▶ _Exercise brief_
Return all the lines below exactly as written. Drop every picture.

▶ _Excerpts from a dataset_
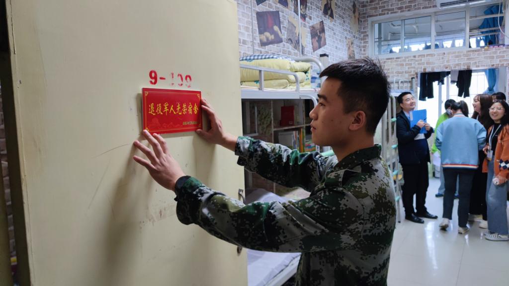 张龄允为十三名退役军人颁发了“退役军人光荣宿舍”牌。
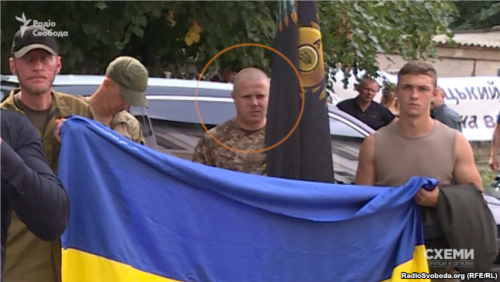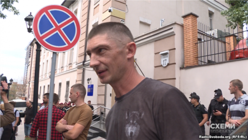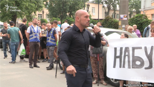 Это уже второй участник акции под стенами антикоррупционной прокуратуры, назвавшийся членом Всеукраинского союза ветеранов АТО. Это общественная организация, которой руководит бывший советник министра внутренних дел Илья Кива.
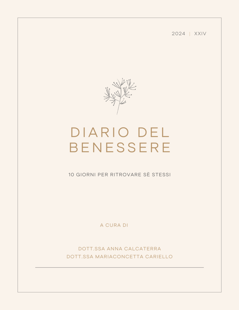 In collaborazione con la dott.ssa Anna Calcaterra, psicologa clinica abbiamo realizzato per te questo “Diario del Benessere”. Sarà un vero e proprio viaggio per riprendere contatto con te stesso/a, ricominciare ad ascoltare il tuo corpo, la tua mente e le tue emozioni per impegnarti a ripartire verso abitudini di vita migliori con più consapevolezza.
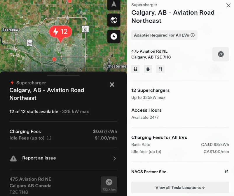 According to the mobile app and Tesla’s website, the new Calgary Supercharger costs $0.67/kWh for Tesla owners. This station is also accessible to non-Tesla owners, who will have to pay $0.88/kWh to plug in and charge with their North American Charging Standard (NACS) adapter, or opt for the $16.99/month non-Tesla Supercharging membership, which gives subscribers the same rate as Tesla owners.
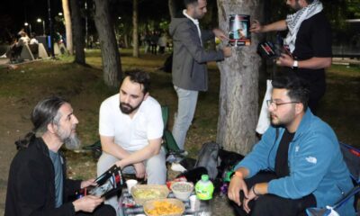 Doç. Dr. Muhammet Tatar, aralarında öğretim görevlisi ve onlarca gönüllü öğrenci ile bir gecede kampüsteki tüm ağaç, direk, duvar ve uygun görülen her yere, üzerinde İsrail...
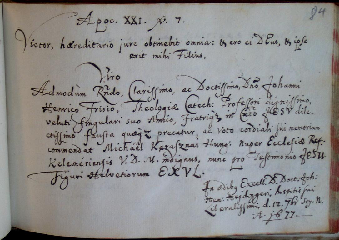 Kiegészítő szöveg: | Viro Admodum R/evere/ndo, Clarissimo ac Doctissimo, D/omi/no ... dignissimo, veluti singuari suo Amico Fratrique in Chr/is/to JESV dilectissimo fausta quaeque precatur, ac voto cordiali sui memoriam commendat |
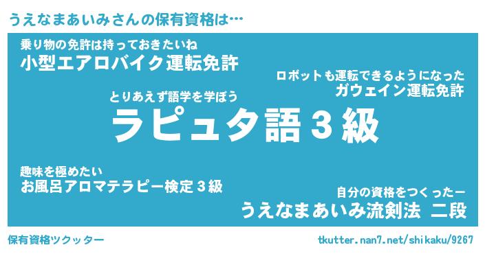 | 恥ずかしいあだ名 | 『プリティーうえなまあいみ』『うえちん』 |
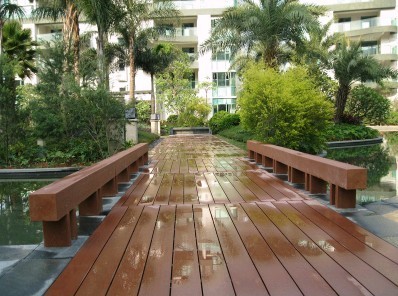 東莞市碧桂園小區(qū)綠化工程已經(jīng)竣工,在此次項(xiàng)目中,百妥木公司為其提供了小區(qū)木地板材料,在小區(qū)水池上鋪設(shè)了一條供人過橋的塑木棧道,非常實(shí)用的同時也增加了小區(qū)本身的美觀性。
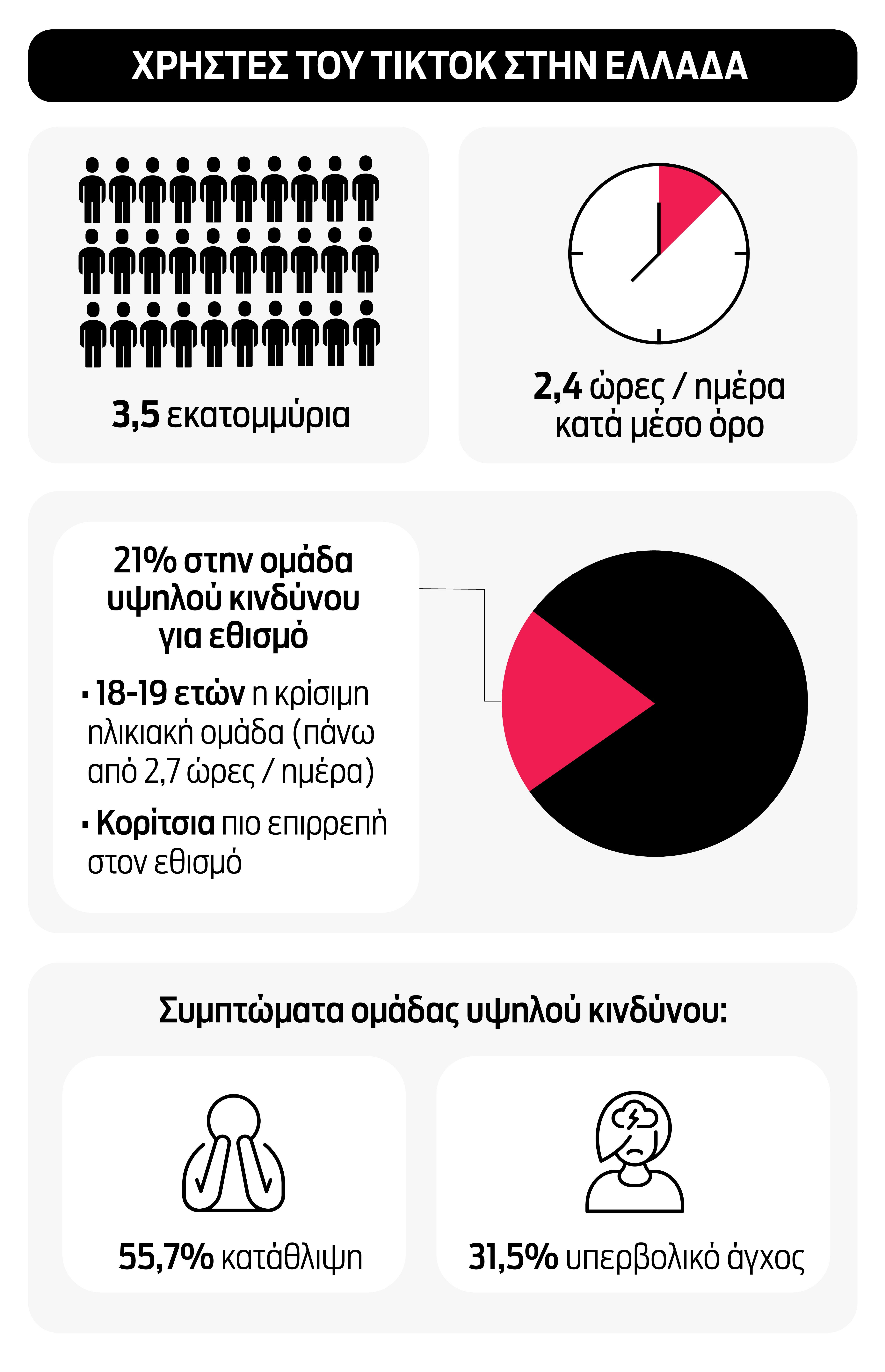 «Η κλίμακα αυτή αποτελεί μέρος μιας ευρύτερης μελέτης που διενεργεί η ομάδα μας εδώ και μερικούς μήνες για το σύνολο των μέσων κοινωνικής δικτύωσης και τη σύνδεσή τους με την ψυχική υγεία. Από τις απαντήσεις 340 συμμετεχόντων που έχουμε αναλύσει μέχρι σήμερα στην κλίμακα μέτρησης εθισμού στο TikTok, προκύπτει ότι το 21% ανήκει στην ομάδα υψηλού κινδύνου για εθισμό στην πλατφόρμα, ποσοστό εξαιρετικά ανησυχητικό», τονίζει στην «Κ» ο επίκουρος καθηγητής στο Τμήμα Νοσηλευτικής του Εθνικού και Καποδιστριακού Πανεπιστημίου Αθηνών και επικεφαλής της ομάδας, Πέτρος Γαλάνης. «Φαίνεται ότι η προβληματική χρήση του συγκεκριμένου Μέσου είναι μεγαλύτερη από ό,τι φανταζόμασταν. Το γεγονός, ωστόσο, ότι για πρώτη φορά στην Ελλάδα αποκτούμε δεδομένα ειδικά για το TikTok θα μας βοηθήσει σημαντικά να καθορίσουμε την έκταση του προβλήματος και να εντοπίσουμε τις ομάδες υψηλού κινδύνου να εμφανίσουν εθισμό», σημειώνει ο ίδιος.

▶ _Answer space_
 张龄允为十三名退役军人颁发了“退役军人光荣宿舍”牌。
 Это уже второй участник акции под стенами антикоррупционной прокуратуры, назвавшийся членом Всеукраинского союза ветеранов АТО. Это общественная организация, которой руководит бывший советник министра внутренних дел Илья Кива.
 In collaborazione con la dott.ssa Anna Calcaterra, psicologa clinica abbiamo realizzato per te questo “Diario del Benessere”. Sarà un vero e proprio viaggio per riprendere contatto con te stesso/a, ricominciare ad ascoltare il tuo corpo, la tua mente e le tue emozioni per impegnarti a ripartire verso abitudini di vita migliori con più consapevolezza.
 According to the mobile app and Tesla’s website, the new Calgary Supercharger costs $0.67/kWh for Tesla owners. This station is also accessible to non-Tesla owners, who will have to pay $0.88/kWh to plug in and charge with their North American Charging Standard (NACS) adapter, or opt for the $16.99/month non-Tesla Supercharging membership, which gives subscribers the same rate as Tesla owners.
 Doç. Dr. Muhammet Tatar, aralarında öğretim görevlisi ve onlarca gönüllü öğrenci ile bir gecede kampüsteki tüm ağaç, direk, duvar ve uygun görülen her yere, üzerinde İsrail...
 Kiegészítő szöveg: | Viro Admodum R/evere/ndo, Clarissimo ac Doctissimo, D/omi/no ... dignissimo, veluti singuari suo Amico Fratrique in Chr/is/to JESV dilectissimo fausta quaeque precatur, ac voto cordiali sui memoriam commendat |
 | 恥ずかしいあだ名 | 『プリティーうえなまあいみ』『うえちん』 |
 東莞市碧桂園小區(qū)綠化工程已經(jīng)竣工,在此次項(xiàng)目中,百妥木公司為其提供了小區(qū)木地板材料,在小區(qū)水池上鋪設(shè)了一條供人過橋的塑木棧道,非常實(shí)用的同時也增加了小區(qū)本身的美觀性。
 «Η κλίμακα αυτή αποτελεί μέρος μιας ευρύτερης μελέτης που διενεργεί η ομάδα μας εδώ και μερικούς μήνες για το σύνολο των μέσων κοινωνικής δικτύωσης και τη σύνδεσή τους με την ψυχική υγεία. Από τις απαντήσεις 340 συμμετεχόντων που έχουμε αναλύσει μέχρι σήμερα στην κλίμακα μέτρησης εθισμού στο TikTok, προκύπτει ότι το 21% ανήκει στην ομάδα υψηλού κινδύνου για εθισμό στην πλατφόρμα, ποσοστό εξαιρετικά ανησυχητικό», τονίζει στην «Κ» ο επίκουρος καθηγητής στο Τμήμα Νοσηλευτικής του Εθνικού και Καποδιστριακού Πανεπιστημίου Αθηνών και επικεφαλής της ομάδας, Πέτρος Γαλάνης. «Φαίνεται ότι η προβληματική χρήση του συγκεκριμένου Μέσου είναι μεγαλύτερη από ό,τι φανταζόμασταν. Το γεγονός, ωστόσο, ότι για πρώτη φορά στην Ελλάδα αποκτούμε δεδομένα ειδικά για το TikTok θα μας βοηθήσει σημαντικά να καθορίσουμε την έκταση του προβλήματος και να εντοπίσουμε τις ομάδες υψηλού κινδύνου να εμφανίσουν εθισμό», σημειώνει ο ίδιος.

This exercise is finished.